Everything from the line containing "門廳的小豹子,是花了很長(z" through the line containing "Av de 136 personerna" should be repeated exactly, and nothing else from the data.

◆ **SUPPLIED RECORDS**
--- START ---

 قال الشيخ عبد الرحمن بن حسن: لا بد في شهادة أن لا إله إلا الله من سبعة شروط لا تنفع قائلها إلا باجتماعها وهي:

--- END ---
--- START ---

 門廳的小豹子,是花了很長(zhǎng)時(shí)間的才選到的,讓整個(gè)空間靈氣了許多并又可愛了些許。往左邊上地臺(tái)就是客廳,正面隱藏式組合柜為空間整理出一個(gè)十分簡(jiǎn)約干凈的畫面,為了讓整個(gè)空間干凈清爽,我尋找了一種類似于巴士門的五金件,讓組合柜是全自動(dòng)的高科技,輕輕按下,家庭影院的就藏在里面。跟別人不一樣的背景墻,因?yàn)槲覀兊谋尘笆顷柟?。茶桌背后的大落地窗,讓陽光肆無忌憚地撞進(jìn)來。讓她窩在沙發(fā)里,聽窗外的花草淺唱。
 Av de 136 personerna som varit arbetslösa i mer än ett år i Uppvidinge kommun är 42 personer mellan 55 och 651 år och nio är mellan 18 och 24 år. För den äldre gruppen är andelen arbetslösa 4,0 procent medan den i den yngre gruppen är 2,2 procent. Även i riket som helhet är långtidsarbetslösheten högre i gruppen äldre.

--- END ---

◆ **ANSWER FOR THE TASK**
 門廳的小豹子,是花了很長(zhǎng)時(shí)間的才選到的,讓整個(gè)空間靈氣了許多并又可愛了些許。往左邊上地臺(tái)就是客廳,正面隱藏式組合柜為空間整理出一個(gè)十分簡(jiǎn)約干凈的畫面,為了讓整個(gè)空間干凈清爽,我尋找了一種類似于巴士門的五金件,讓組合柜是全自動(dòng)的高科技,輕輕按下,家庭影院的就藏在里面。跟別人不一樣的背景墻,因?yàn)槲覀兊谋尘笆顷柟?。茶桌背后的大落地窗,讓陽光肆無忌憚地撞進(jìn)來。讓她窩在沙發(fā)里,聽窗外的花草淺唱。
 Av de 136 personerna som varit arbetslösa i mer än ett år i Uppvidinge kommun är 42 personer mellan 55 och 651 år och nio är mellan 18 och 24 år. För den äldre gruppen är andelen arbetslösa 4,0 procent medan den i den yngre gruppen är 2,2 procent. Även i riket som helhet är långtidsarbetslösheten högre i gruppen äldre.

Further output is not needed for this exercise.